Wednesday, October 15, 2014

Android Lollipop Unwrapped



The Latest Version of Google’s Mobile Operating System Android 5.0 Lollipop's most obvious new features come in the form of visual enhancements and user interface changes, which Google has dubbed Material Design. The platform has new, more fluid animations, a cleaner design with a bolder color palette, a revamped multittasking menu, and offers new ways to interact with your voice. Many of the new Material Design features can be seen in the recent updates that Google has released for its own Android apps such as Google+. The Material Design initiative is meant to unify the software's look and feel across various form factors, whether that's a tablet, smartphone, home media streamer, or something else.

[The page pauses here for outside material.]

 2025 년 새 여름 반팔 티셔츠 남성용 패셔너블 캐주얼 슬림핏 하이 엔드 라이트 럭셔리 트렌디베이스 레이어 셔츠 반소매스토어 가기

In addition to a visual overhaul, Lollipop brings over 5,000 new APIs for developers to tap into and lets multiple different Android devices with various form factors work better together. Google says that things such as songs, photos, apps, and recent searches can be seamlessly synced across various Android devices. Lollipop also includes new notification controls to limit alerts during meetings and other times, a new battery saver mode that can eke out 90 more minutes of life between charges, multiple user accounts, guest user modes, and new ways to secure your device via trusted Bluetooth connections. Lollipop will also include a protection against resetting the phone to factory defaults, which is designed to make it difficult for phone thieves to use a stolen device. Many of these features have been implemented by various Android device makers on their own smartphones and tablets for some time, but Google is now making sure they are part of the core Android experience.

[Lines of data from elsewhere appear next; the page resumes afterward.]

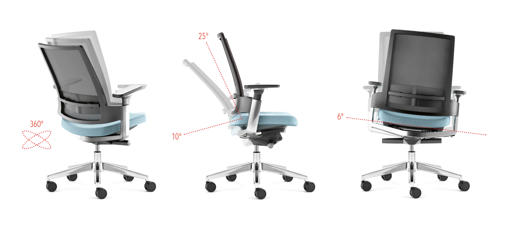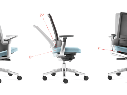 Sitz und Rückenlehne neigen sich synchron (Sitz 10°/Rücken 25°/seitliche Bewegung 6°), um eine fließende Unterstützung der Körperhaltung zu
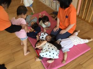 マットにもみんなで仲良く横になって楽しそうに遊んでいました。
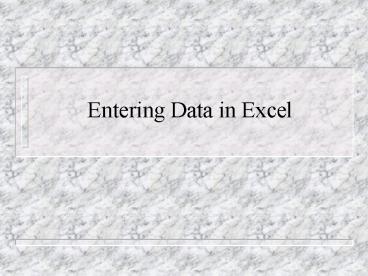 <Notice: Removed> Entering Data in Excel PowerPoint PPT Presentation
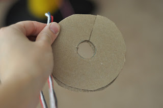 3) Get a piece of card board and cut out 2 circles...using a CD for a stencil works great. Cut a smaller hole in the middle of both of those, a long with 1 slit going through one side of your newly formed "doughnut"

Android 5.0 Lollipop is a big release for Google — it's the most significant visual update to Android since 4.0 Ice Cream Sandwich was released in 2011, and it lays the foundation for Android to grow as a platform outside of smartphones and tablets. Google is very clearly pushing Android as the software for the future, and it wants Android to be on every connected device we interact with. Lollipop is the first step to getting there.